Results of the antibacterial activity of the plant extracts on the test organisms are shown in Tables 1 and 2. The methanolic and ethanolic extracts of M. indica showed appreciable level of antibacterial activities against the test isolates compared to the control drug (ampicillin). The inhibition zones of the ethanol plant extract against the test organisms was 11 mm (E. coli), 12 mm (S. aureus), 15 mm (S. pneumoniae), 10 mm (K. pneumoniae) and 13 mm (P. aeruginosa). Compared to the standard test drug (ampicillin, 1 mg/ml), the ethanol extract of M. indica showed considerable antibacterial activity against the test bacteria. The methanol extract of M. indica showed varying rates of antibacterial activity against the test organisms at inhibition zones of 16 mm (E. coli), 15 mm (S. aureus), 16 mm (S. pneumoniae), 14 mm (K. pneumoniae) and 13 mm (P. aeruginosa). Methanol extract of M. indica showed better inhibition zones than the ethanol extracts of the plant (Table 1). The results of the minimum inhibitory concentration (MIC) of the ethanol and methanol extracts of M. indica indicate that the growth of the test organisms was inhibited at 100 mg/ml and 50 mg/ml (Table 2).
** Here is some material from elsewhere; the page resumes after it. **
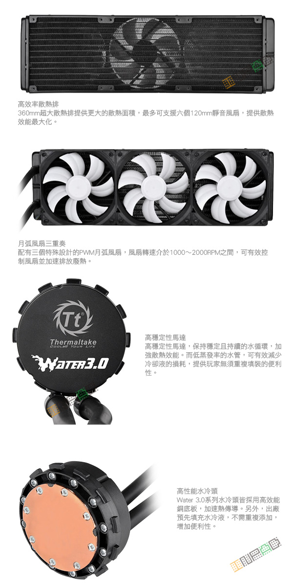 Thermaltake 曜越 Water 3.0 Ultimate 水冷散熱器 【商品介紹】 曜越為玩家全方位打造的 Water 3.0 Ultimate一體式水冷散熱器,擁有360mm超大散熱排及三個120mm靜音風扇,提供最佳冷卻效率。除了更完美的散熱效能和極致靜音的特點外,簡單又方便的安裝程序,提供您水冷散熱系統的最佳選擇。 【商品特色】 1、高性能水冷頭

Table 1. Inhibition zone diameter of M. indica leave extracts

Table 2. Minimum inhibitory concentration

4. Discussion

M. indica has been used in most rural communities for the treatment of a handful of infectious diseases due to its apparent medicinal properties that stands it out from other herbal plants. In this study, we evaluated as a preliminary examination the possible antibacterial activity of M. indica as a way to give credence to its wide usage in most rural communities in Abakaliki, Ebonyi State, Nigeria. Table 1 presents the results of the antibacterial activity of M. indica on clinically important bacterial pathogens including S. aureus, E. coli, P. aeruginosa, K. pneumoniae, and S. pneumoniae. It can be inferred from our results that both the ethanol and methanol leave extracts of M. indica had a broader spectrum of activity against the test isolates. However, better antibacterial activity was recorded with the methanolic extracts at different zones of inhibition. It could therefore be deduced from this study that methanol is a better extractor of the bioactive constituents of the M. indica leaves than the ethanol solvents used. Our result showed that ethanol extract of M. indica had activity on S. aureus (12 mm), S. pneumoniae (15mm), E. coli (11mm), K. pneumoniae (10mm) and P. aeruginosa (13mm). Methanolic extracts of M. indica also showed varying levels of activity on S. aureus (15 mm), S. pneumoniae (16mm), E. coli (16mm), K. pneumoniae (14mm) and P. aeruginosa (13mm). The notable antibacterial activities of M. indica on bacterial pathogens have been previously reported and these are also in line with the results obtained in this study (Aderibigbe et al., 2001; Aderibigbe et al., 1999; Amrita et al., 2009; Garrido et al., 2001; Khan et al., 2003). The MIC of the ethanol and methanol extracts of M. indica on the test isolates was determined at 100 mg/ml and 50 mg/ml. The antibacterial activity of M. indica leaf extracts which obviously tell their bioactivity on the test isolates is encouraging owing to the fact that these organisms are of hospital origin. The ability of the crude extracts of M. indica leafs to inhibit the growth of pathogenic bacteria (as obtainable in this study) is an indication that M. indica is a medicinal plant and could serve as a source of lead bioactive compounds for the development of potent antimicrobial agents. This further validates its use in traditional herbal medicine in most rural Nigerian communities to treat a variety of bacterial related infections including those associated with respiratory tract infections.

5. Conclusions

This study have shown that the ethanol and methanol extracts of M. indica leaf possess antibacterial activities. Further molecular characterization techniques are required to classify and identify the bioactive compounds of M. indica for enhanced drug development.